(ENTRIES PROVIDED Opens)
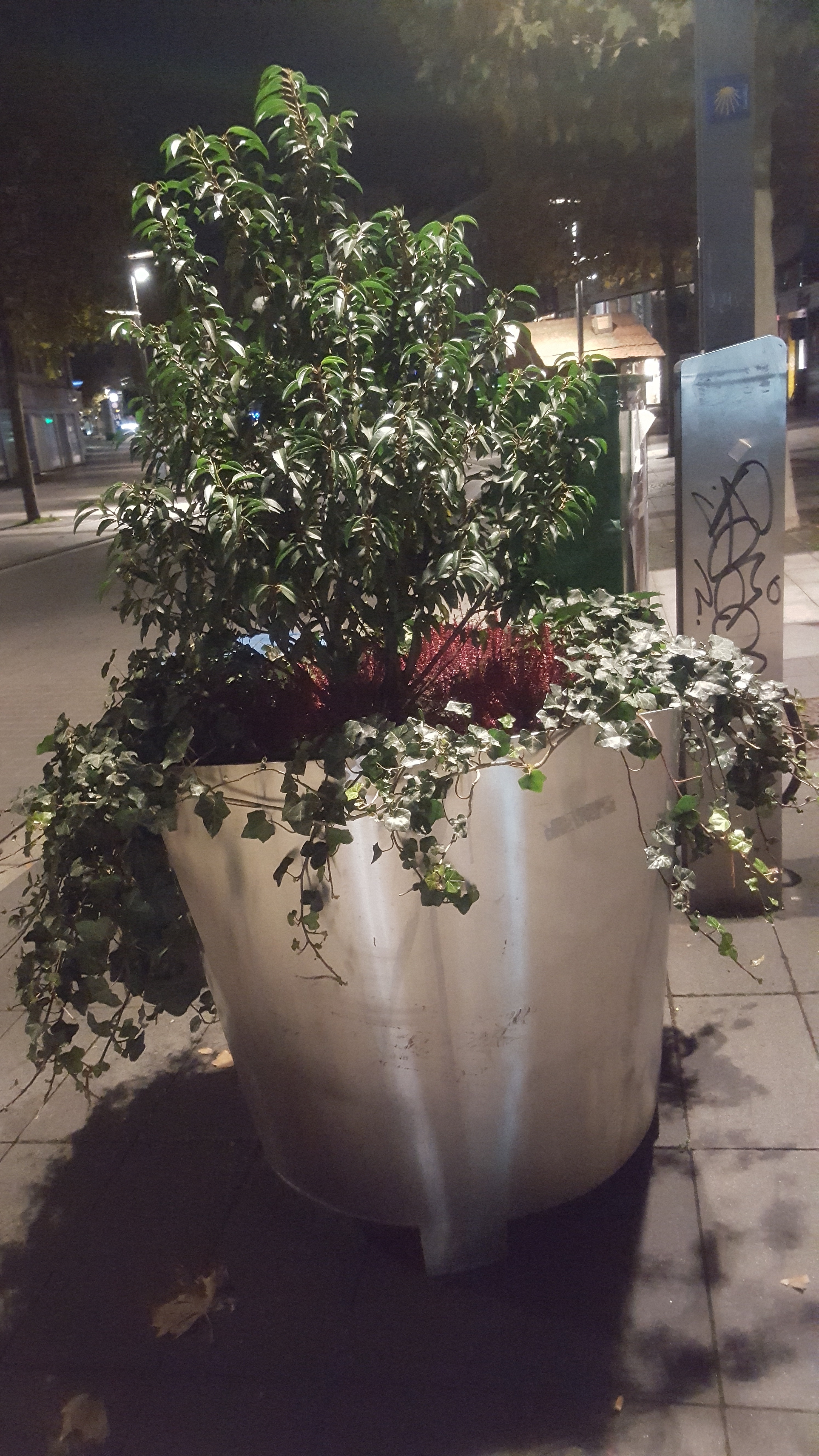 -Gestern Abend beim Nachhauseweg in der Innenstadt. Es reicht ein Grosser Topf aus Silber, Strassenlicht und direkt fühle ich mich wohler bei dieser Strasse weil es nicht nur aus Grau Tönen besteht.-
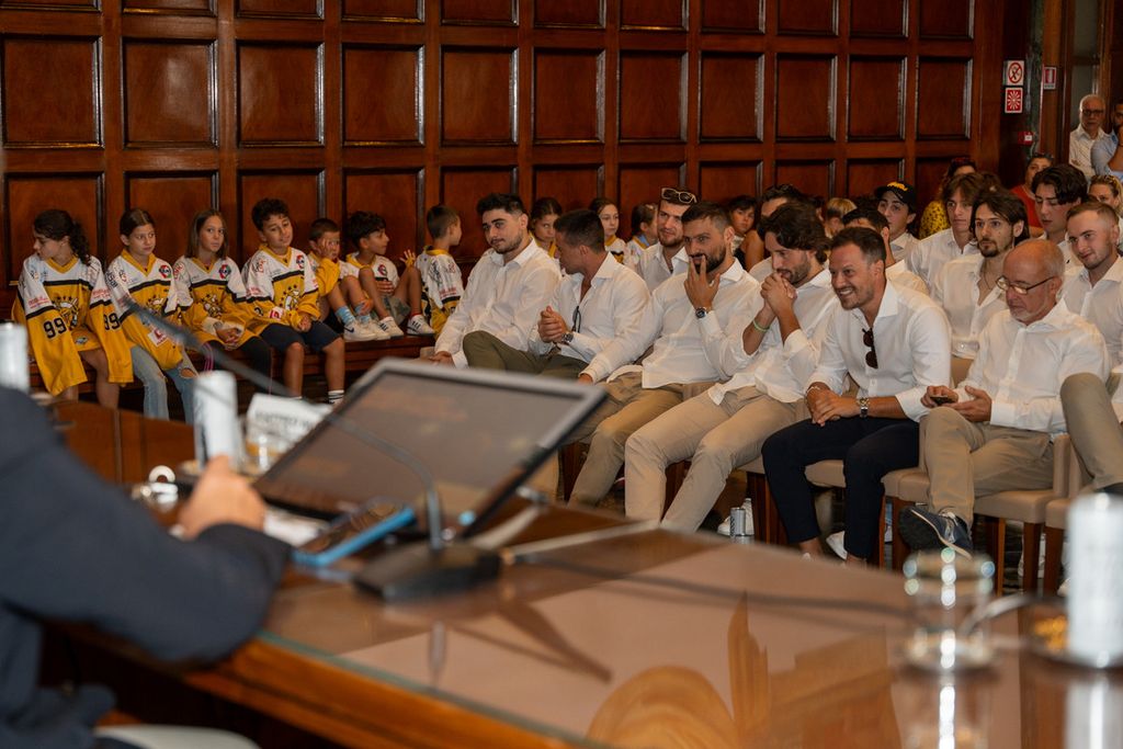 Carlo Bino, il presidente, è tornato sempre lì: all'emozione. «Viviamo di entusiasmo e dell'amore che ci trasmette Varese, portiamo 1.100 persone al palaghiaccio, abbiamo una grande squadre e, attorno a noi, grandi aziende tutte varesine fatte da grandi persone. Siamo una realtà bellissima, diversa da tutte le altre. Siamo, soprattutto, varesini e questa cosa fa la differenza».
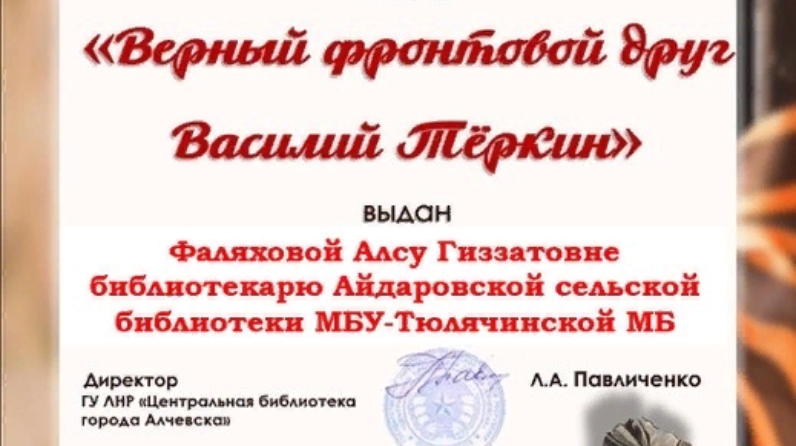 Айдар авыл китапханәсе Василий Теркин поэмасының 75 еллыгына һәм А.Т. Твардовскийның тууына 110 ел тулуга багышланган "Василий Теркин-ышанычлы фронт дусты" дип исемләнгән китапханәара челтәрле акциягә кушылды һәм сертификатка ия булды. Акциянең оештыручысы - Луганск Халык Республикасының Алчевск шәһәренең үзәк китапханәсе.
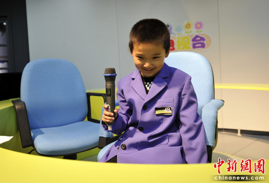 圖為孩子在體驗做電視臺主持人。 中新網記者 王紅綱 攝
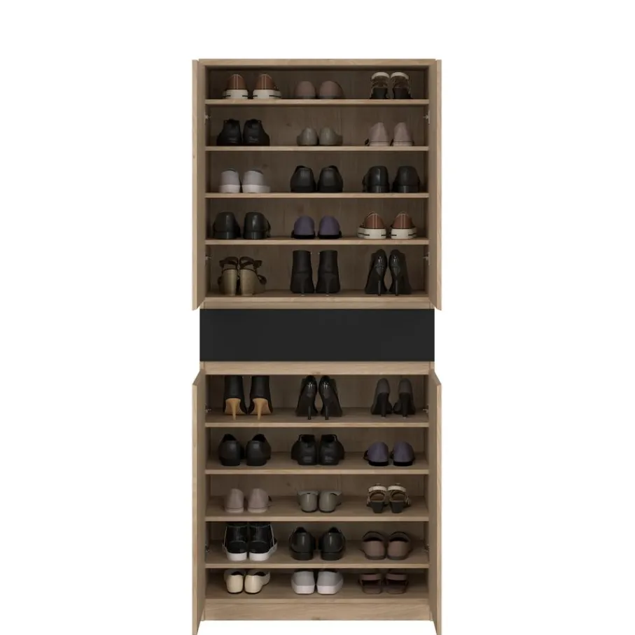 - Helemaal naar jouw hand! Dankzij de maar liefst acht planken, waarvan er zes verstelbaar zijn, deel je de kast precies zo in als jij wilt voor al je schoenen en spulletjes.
(ENTRIES PROVIDED Closes)
(ENTRIES PROVIDED Opens)
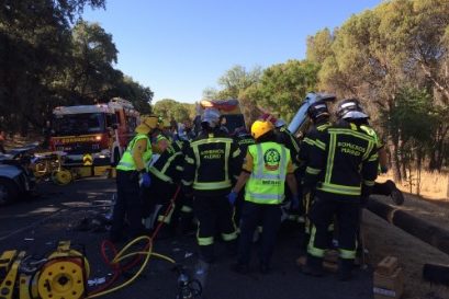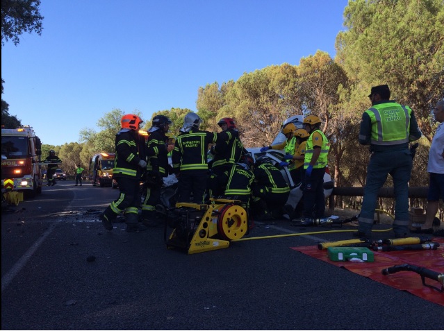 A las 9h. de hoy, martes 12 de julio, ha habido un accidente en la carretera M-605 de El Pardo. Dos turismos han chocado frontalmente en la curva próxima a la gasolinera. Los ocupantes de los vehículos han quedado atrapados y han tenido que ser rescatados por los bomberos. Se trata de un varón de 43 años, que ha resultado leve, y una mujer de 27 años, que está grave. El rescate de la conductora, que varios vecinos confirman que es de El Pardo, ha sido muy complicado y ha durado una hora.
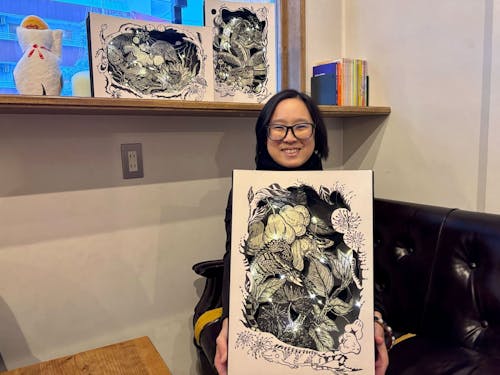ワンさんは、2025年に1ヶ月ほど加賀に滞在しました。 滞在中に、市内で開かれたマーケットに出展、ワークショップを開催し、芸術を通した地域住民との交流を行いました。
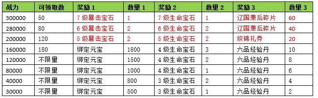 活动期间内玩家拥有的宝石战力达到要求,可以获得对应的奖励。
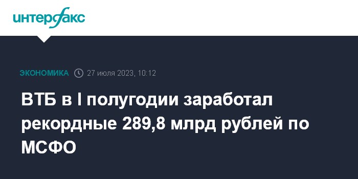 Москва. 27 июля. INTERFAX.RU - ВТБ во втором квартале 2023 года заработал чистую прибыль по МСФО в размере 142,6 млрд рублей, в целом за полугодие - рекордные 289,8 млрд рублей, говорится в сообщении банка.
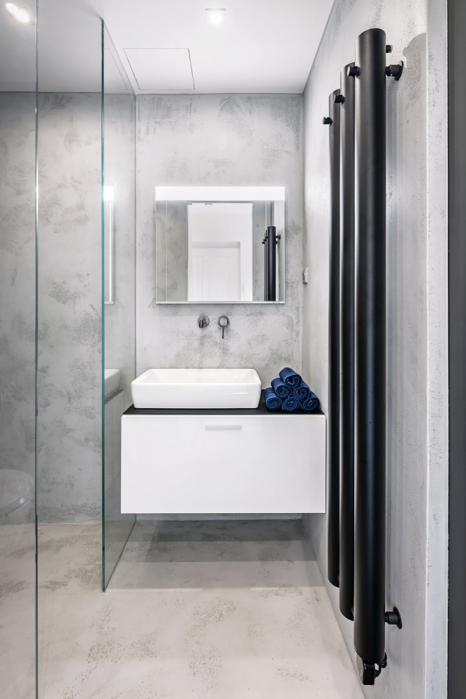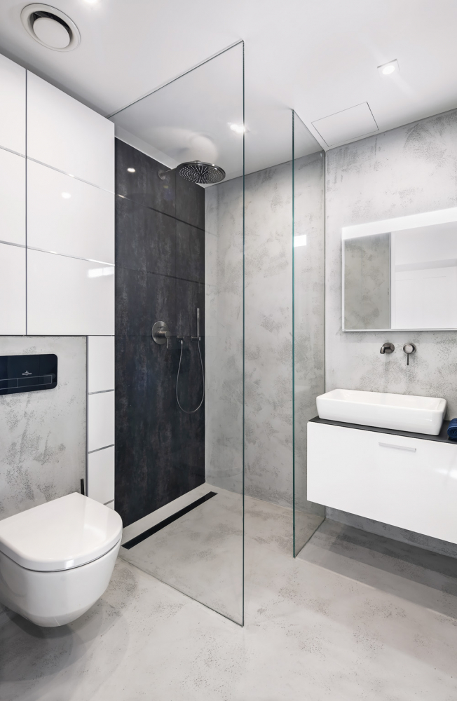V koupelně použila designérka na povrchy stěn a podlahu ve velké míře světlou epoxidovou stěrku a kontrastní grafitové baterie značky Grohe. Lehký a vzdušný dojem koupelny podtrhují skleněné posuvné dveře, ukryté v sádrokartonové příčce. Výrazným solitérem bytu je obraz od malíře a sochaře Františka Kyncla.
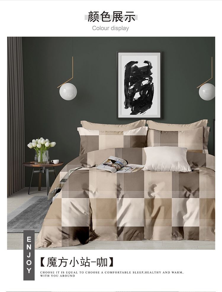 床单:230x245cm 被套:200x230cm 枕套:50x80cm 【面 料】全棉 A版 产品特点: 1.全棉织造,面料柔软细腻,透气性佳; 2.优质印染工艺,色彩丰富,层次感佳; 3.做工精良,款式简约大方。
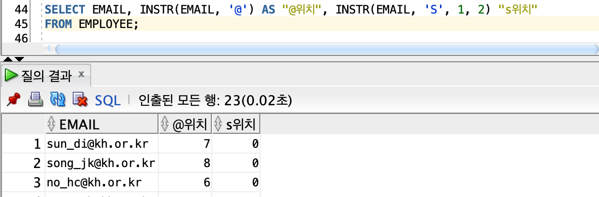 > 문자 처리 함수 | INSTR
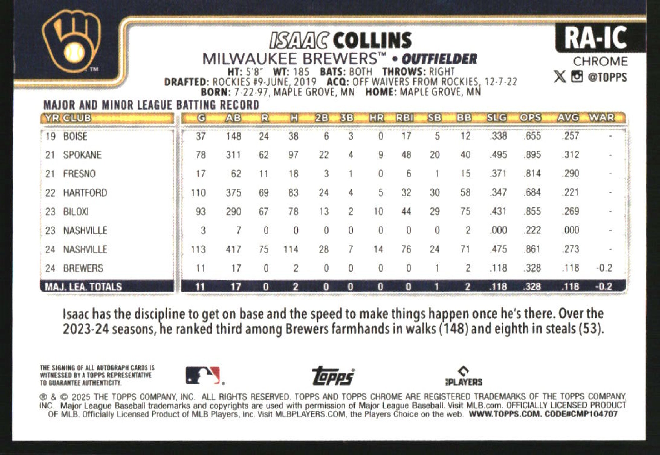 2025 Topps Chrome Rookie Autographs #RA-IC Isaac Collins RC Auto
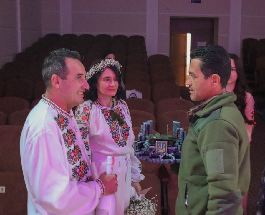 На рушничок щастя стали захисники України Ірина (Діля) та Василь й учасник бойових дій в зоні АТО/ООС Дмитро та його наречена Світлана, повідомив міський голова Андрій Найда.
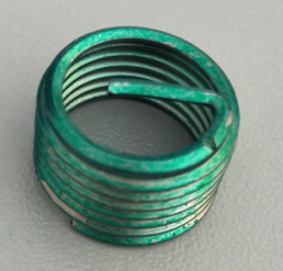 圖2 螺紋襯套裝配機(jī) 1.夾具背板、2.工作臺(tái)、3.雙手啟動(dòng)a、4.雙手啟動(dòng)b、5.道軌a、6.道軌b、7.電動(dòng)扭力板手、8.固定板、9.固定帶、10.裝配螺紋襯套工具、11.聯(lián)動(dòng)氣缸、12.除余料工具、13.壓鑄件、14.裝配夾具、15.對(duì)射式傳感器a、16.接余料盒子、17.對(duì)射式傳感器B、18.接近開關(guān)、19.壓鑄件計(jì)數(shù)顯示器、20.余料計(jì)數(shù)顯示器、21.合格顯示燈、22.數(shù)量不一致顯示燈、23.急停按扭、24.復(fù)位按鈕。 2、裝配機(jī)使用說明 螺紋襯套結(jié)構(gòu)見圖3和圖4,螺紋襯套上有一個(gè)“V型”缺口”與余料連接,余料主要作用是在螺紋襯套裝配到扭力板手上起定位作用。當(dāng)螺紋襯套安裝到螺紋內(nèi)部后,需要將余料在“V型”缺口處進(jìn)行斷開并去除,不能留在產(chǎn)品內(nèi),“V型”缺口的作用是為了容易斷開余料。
(ENTRIES PROVIDED Closes)
:: THE PROBLEM ::
Your answer should consist of the lines above between those holding "-Gestern Abend beim" and "- Helemaal naar", inclusive, reproduced word for word and without pictures.

:: REPLY ::
 -Gestern Abend beim Nachhauseweg in der Innenstadt. Es reicht ein Grosser Topf aus Silber, Strassenlicht und direkt fühle ich mich wohler bei dieser Strasse weil es nicht nur aus Grau Tönen besteht.-
 Carlo Bino, il presidente, è tornato sempre lì: all'emozione. «Viviamo di entusiasmo e dell'amore che ci trasmette Varese, portiamo 1.100 persone al palaghiaccio, abbiamo una grande squadre e, attorno a noi, grandi aziende tutte varesine fatte da grandi persone. Siamo una realtà bellissima, diversa da tutte le altre. Siamo, soprattutto, varesini e questa cosa fa la differenza».
 Айдар авыл китапханәсе Василий Теркин поэмасының 75 еллыгына һәм А.Т. Твардовскийның тууына 110 ел тулуга багышланган "Василий Теркин-ышанычлы фронт дусты" дип исемләнгән китапханәара челтәрле акциягә кушылды һәм сертификатка ия булды. Акциянең оештыручысы - Луганск Халык Республикасының Алчевск шәһәренең үзәк китапханәсе.
 圖為孩子在體驗做電視臺主持人。 中新網記者 王紅綱 攝
 - Helemaal naar jouw hand! Dankzij de maar liefst acht planken, waarvan er zes verstelbaar zijn, deel je de kast precies zo in als jij wilt voor al je schoenen en spulletjes.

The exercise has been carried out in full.